Apocalypse Early Warning System
beSpacific 2026-05-06
Apocalypse Early Warning System – “In the event of an imminent nuclear apocalypse, we suspect that many people who have access to private jets will immediately take to the skies and escape city centers. This site tracks this indicator in realtime. The current emergency level is reported on a scale of 1 to 5, with 5 being an indicator of a likely imminent apocalypse. built by Kyle McDonald / GitHub / Telegram Notifications / RSS / Discord Bot [h/t Pete Weiss]

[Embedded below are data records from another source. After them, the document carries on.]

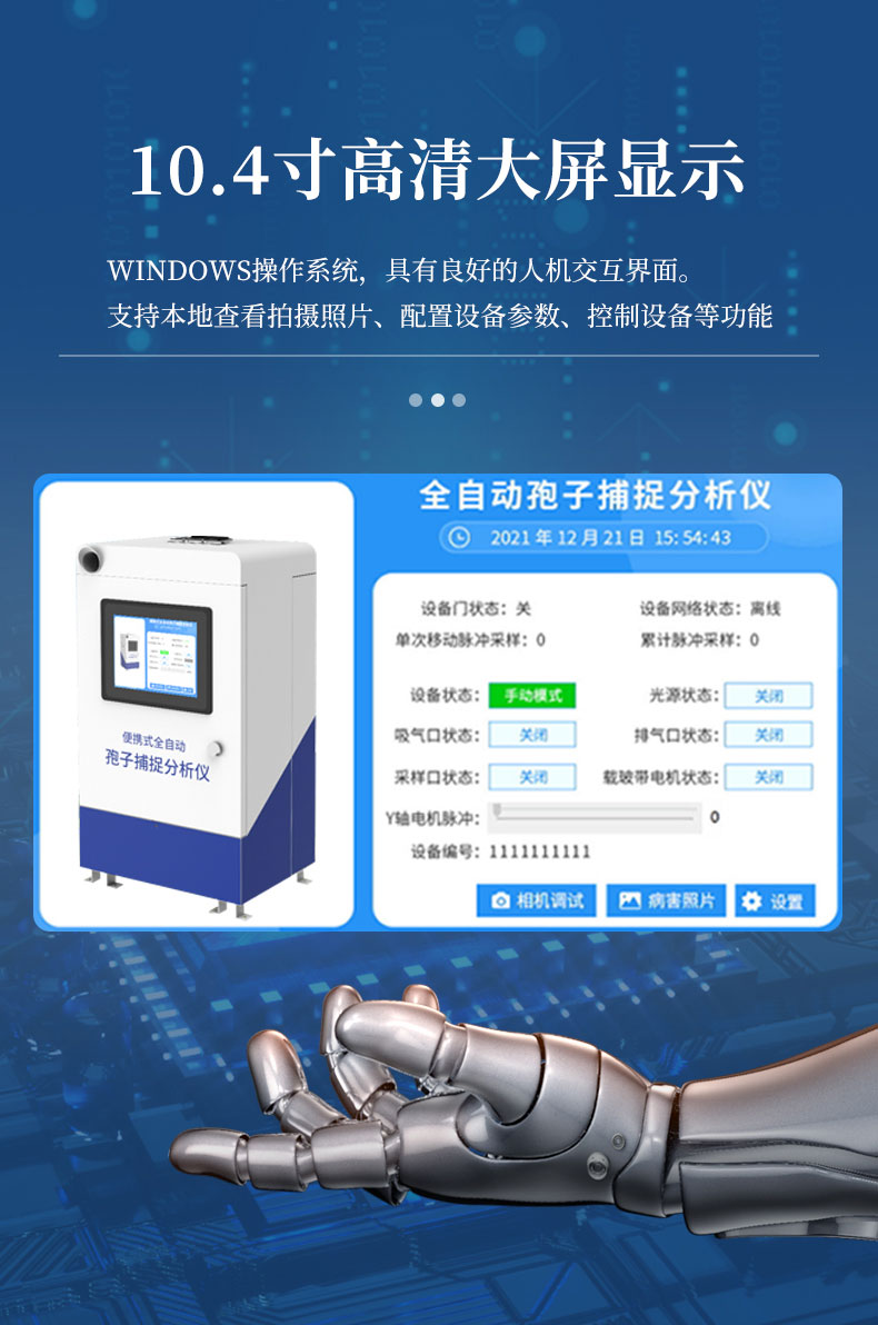 8.孢子捕捉仪内置10.4寸高清大屏显示,windows操作系统,具有良好的人机交互界面。支持本地查看拍摄照片、配置设备参数、控制设备等功能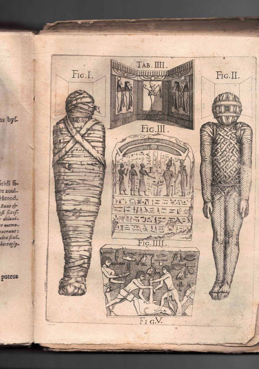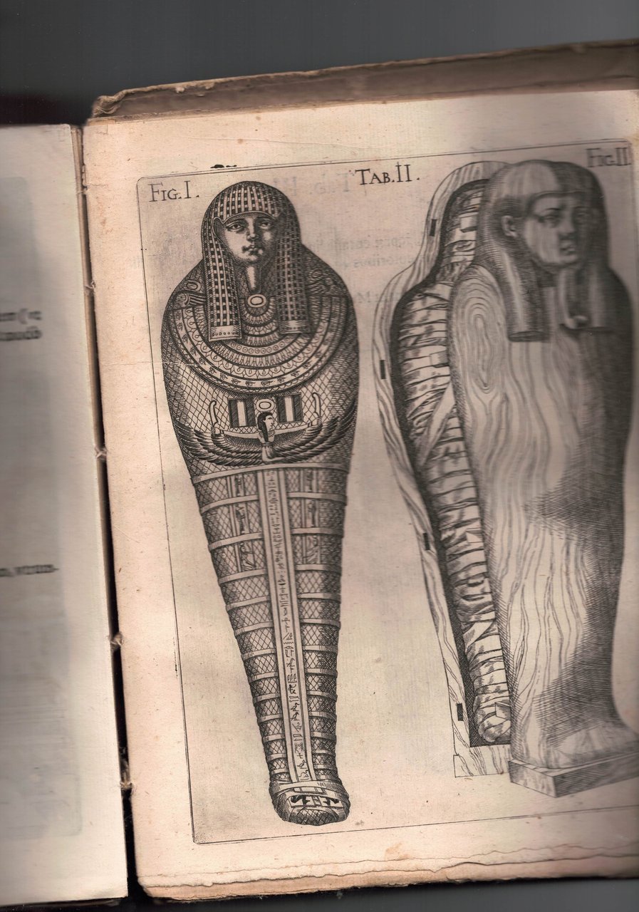 In 4° brossutra lenta ,5 cc.nn.,1 c.b.,680 pp., 9 incisioni raffiguranti figure egizie. Mende al dorso.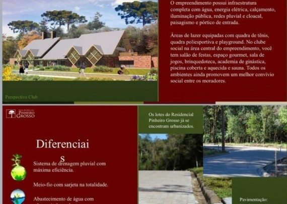 SOLUCIONE IMÓVEIS VENDE: No residencial Pinhiero Grosso respeito ao meio ambiente, refinamento técnico, perfeição no acabamento e baixo custo de manutenção são compromissos permanentes. Toda estrutura e tranquilidae para viver sua natureza. Lazer e Segurança completos. Clube Social equipado com: salão de festas, espaço gourmet, sala de jogos, brinquedoteca, academia de ginástica, piscina coberta e aquecida, sauna, quadra de tênis, quadra de futebol e playground.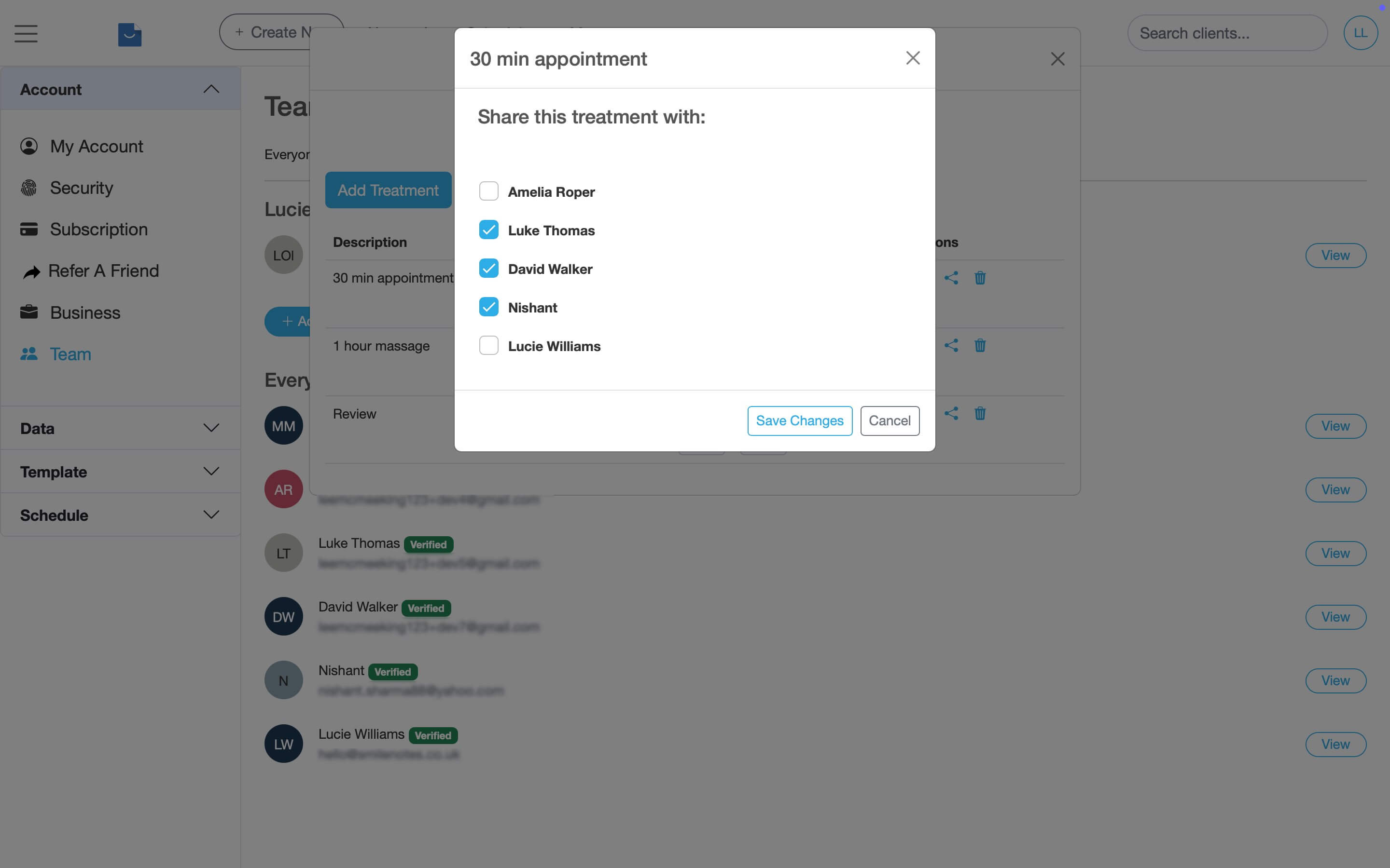 When you share a treatment, each team member will recieve an email confirmation. Just repeat this process for the treatments you wish to share.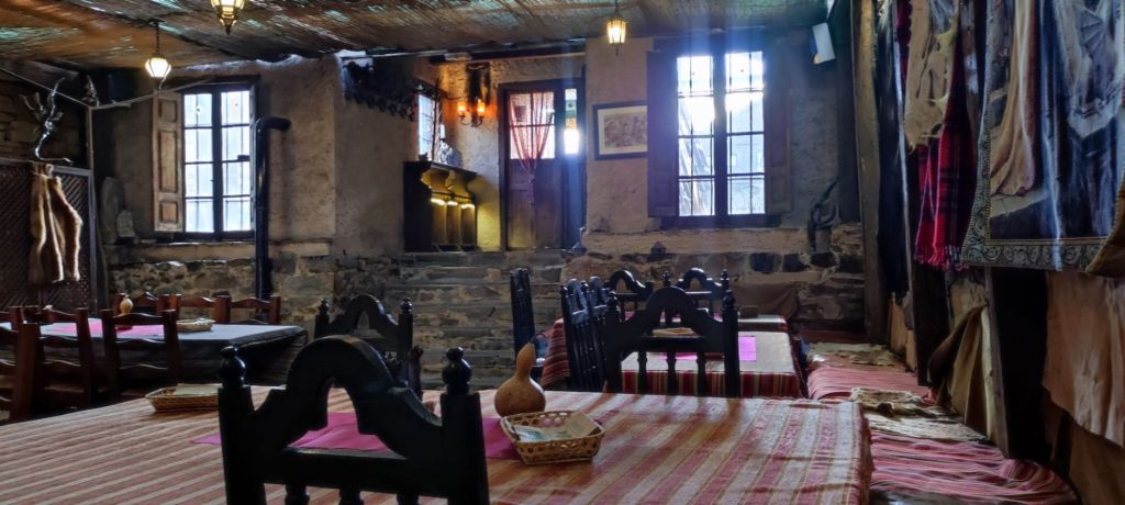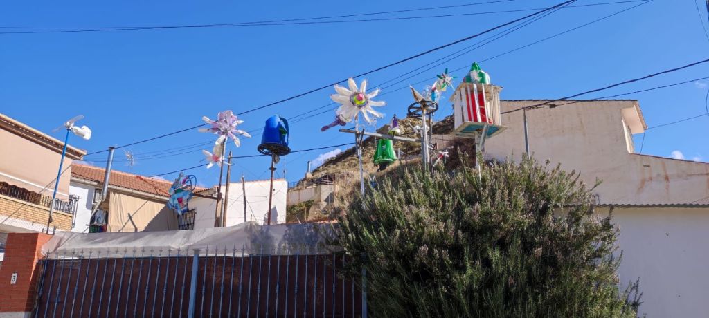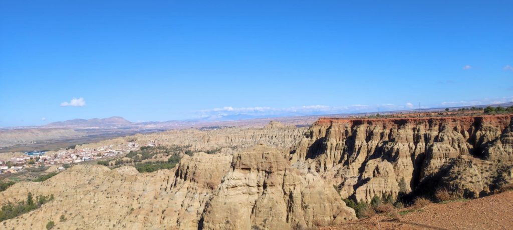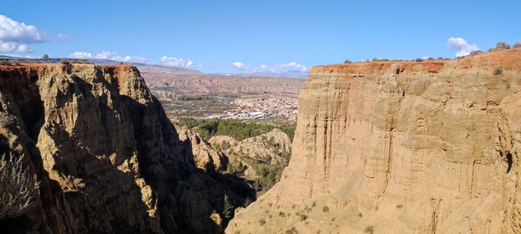 Lo seguimos para enlazar con un carril descendente que nos emplazará en las antiguas corraletas de Haza de la Meina o Corrales de la Soleta. Desde aquí se domina una magnífica panorámica del pueblo de Aldeire y su valle, con los Llanos del Marquesado al fondo. Seguimos nuestro descenso caminando por un tomillar, con el Barranco de los Tejos a la izquierda y el Barranco de los Pasillos a la derecha, hasta llegar al Horcajo (unión de los dos arroyos) donde confluyen ambas corrientes de agua formando el río Benéjar. En este fresco paraje ya podemos apreciar una abundante vegetación de ribera entre la que destacan álamos, alisos y sauces. Continuamos el descenso por un sendero junto al río Benéjar y que nos llevará a cruzarlo en un par de ocasiones. La vegetación de ribera se ve ahora salpicada por grandes e impresionantes castaños En un par de kilómetros nos encontraremos ante un bonito puente colgante que nos dejará a la entrada del área recreativa La Rosandrá emplazada entre castaños centenarios de extraordinaria belleza e interesante historia. Desde aquí solo resta continuar por el carril que conduce a Aldeire y llegaremos en unos minutos al Barranco de la Luna y, por la calle Real llegamos a las inmediaciones de la iglesia de Aldeire, punto final de nuestro recorrido.

This site watches a fixed cohort of business jets and asks a simple question: is the number currently airborne unusual for this time? It is not tracking all aircraft. The original version used an FAA-only business-jet list. The current tracker builds a broader global aircraft metadata table by merging ADS-B Exchange aircraft records, Mictronics/tar1090 records, and FAA registry data by ICAO hex. The importer classifies metadata into business jets, military aircraft, large airliners, regional airliners, non-jet aircraft, and other known types, then applies a practical business-jet filter. Each tracked aircraft is matched in live data by its ICAO hex identifier. The flight data comes from ADS-B Exchange heatmap files. Those files are published in half-hour slots and encode recent aircraft positions. The backend downloads the newest available heatmap, parses it, matches the aircraft in the heatmap against the tracked cohort, and stores the latest position, altitude, speed, heading, and airborne state for each match. Military aircraft and non-ICAO addresses are published as separate dashboard snapshots and loaded only when their toggles are enabled. Historical context comes from the same heatmap format. The backfill job walks through previous half-hour slots, counts how many business jets were airborne, and records those counts in SQLite. The dashboard then compares the current concurrent airborne count with an all-history weekly baseline for the same half-hour of the week. The model also learns local half-hour profiles around U.S. federal holidays, so predictable holiday travel is included in the prediction instead of treated as a generic spike…”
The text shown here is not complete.